HarryBrillJr. wrote on Fri, 15 January 2010 01:59
http://www.tigeraudioinc.com/endfire2.jpg
Better rejection of more frequencies in the rear, and better overall control, less impact.
The image in the link above illustrates a cardioid set-up.  Not an end-fire array, per se.


HarryBrillJr. wrote on Fri, 15 January 2010 01:59
http://www.tigeraudioinc.com/endfire.jpg
Better impact, but less control.
The image in this link is of an end-fire array.

More sources (subs) can be added to the end-fire array, with each one delayed to the end source (sub).  The result of adding more sources with the appropriate delay is tighter pattern control.

HarryBrillJr.:
Charlie Hughes wrote on Fri, 15 January 2010 16:17
Very nice illustration of what's going on Harry.  I would like to make a couple of comments to clarify things.

HarryBrillJr. wrote on Fri, 15 January 2010 01:59
http://www.tigeraudioinc.com/endfire2.jpg
Better rejection of more frequencies in the rear, and better overall control, less impact.
The image in the link above illustrates a cardioid set-up.  Not an end-fire array, per se.
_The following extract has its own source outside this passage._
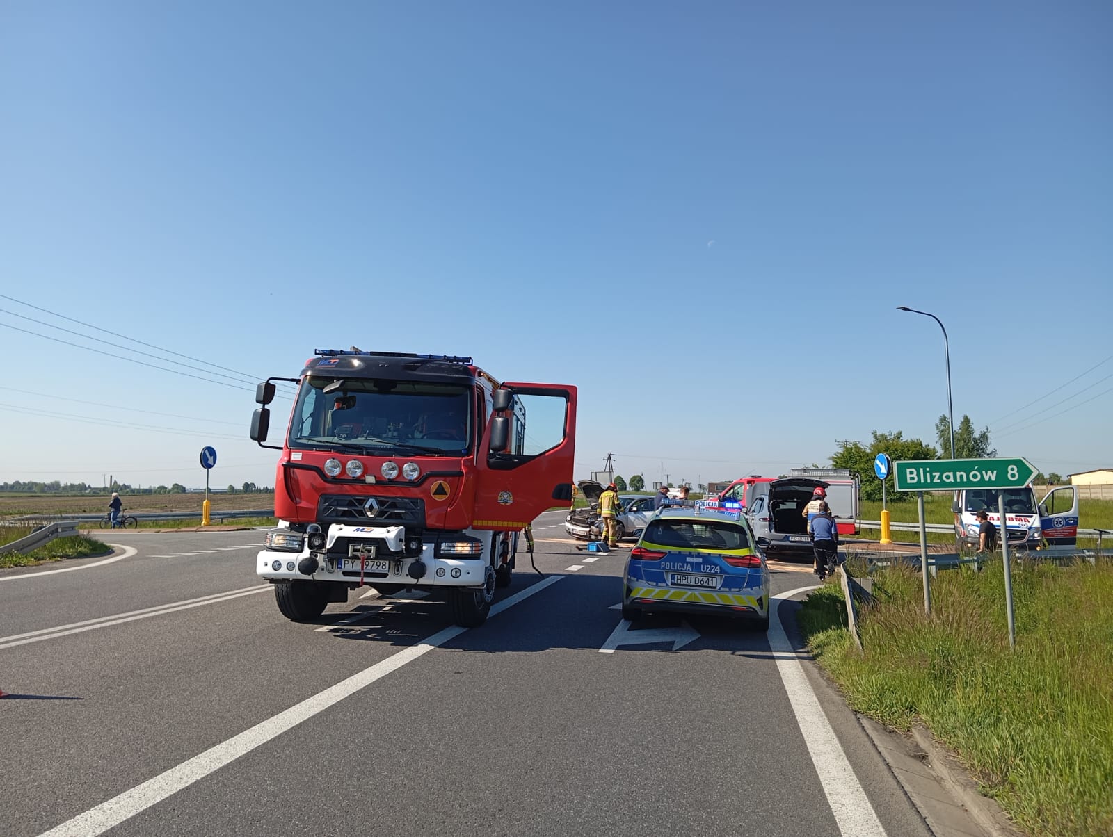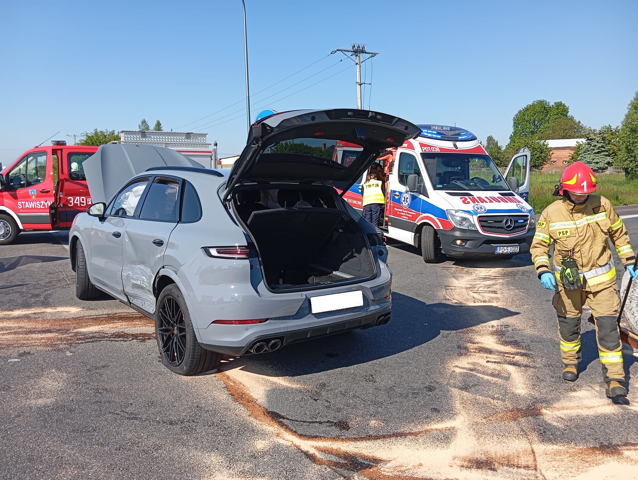 20 maja o godzinie 08:52 do Stanowiska Kierowania Komendanta Miejskiego Państwowej Straży Pożarnej w Kaliszu, wpłynęło zgłoszenie z automatycznego systemu alarmowego E-Call, dotyczące zderzenia pojazdów w miejscowości Wyrów w gminie Stawiszyn. Po przybyciu na miejsce zdarzenia zastępów Straży Pożarnej stwierdzono, że na skrzyżowaniu dróg DK 25 oraz drogi gminnej doszło do przednio - bocznego zderzenia pojazdów osobowych. Kierujący pojazdami oraz jedno dziecko opuściły pojazdy przed przybyciem zastępów na miejsce, pas jezdni w kierunku Kalisza został zablokowany. Działania przybyłych na miejsce zastępów polegały na zabezpieczeniu miejsca zdarzenia, udzieleniu Kwalifikowanej Pierwszej Pomocy podróżującemu jednym z pojazdów dziecku, następnie przekazaniu przybyłemu Zespołowi Ratownictwa Medycznego. Kierujący pojazdami nie wymagali udzielenia pomocy w zakresie KPP. Dalsze działania polegały na zabezpieczaniu miejsce zdarzenia oraz naprzemiennym utrzymaniem ruchu drogowego na czas prowadzonych czynności Policji. Po zakończonych czynnościach przez Policję pojazdy usunięto z jezdni, które następnie zostały odholowane przez Pomoc Drogową oraz uprzątnięto pozostałości po kolizyjne z jezdni. W działaniach trwających niespełna trzy godziny udział wzięły zastępy z Jednostki Ratowniczo-Gaśniczej nr 1 w Kaliszu oraz Ochotniczej Straży Pożarnej w Stawiszynie.

Thank you for the comments Charlie.  I expected someone to reply.
I fundamentally disagree with that naming scheme, although I go out of my way in class to mention that people "call" that deployment cardioid.  It's all about communication.  Cardioid is a POLAR PATTERN, end fire is the deployment (or array) used to achieve that polar pattern.  No need to argue, we can agree to disagree on that.  The 4 deep end fire is also cardioid and even approaches super cardioid although it varies by frequency.  I think all of these implementations should have names.  What they are named, I don't care, but cardioid (or any other polar pattern description should not be one of the names.  It's very confusing for the average sound guy like me.
At the show I'm currently working they deployed an "omni sub array."  That doesn't describe the way the cabinets are stacked, just the polar pattern, which is the result of that deployment.
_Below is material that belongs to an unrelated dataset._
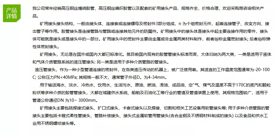 衡水貝源管業有限公司以經營高壓膠管、液壓膠管、夾布膠管、噴砂膠管、注水封孔器、鋼絲編織、纏繞高壓、超高壓膠管、氣動管、噴砂管、吹氧管、鉆探管、酒機配件及不銹鋼金屬軟管、產品承受壓力高、彎曲半徑小、抗疲勞性能強、使用壽命長、廣泛用于冶金連鑄、石油鉆探、工程機械、礦山采掘及各類液壓機械。衡水貝源管業有限公司采用國外工藝,加之本廠技術人員的發明改造,質量精益求精達至甚至超過美國派克公司和意大利阿基諾公司同類產品水平,可與國內外各種液壓裝置快速連接。該產品多次被評為省、市優質產品,極具競爭力,暢銷不衰。

I don't see anything controversial about it.

Justin Sumrall:
Bennett Prescott wrote on Fri, 15 January 2010 02:14
What's controversial about it?



Looks like that has been proven  

Jerome Casinger:
How is it that between endfire and endfire2 links everything is the same except you flip the polarity on endfire2 but get the same result as the first link. If you have everything set up the same as shown in the two links but then flip the polarity in one of them would that cause cancelation unless you turned and pointed one sub backwards?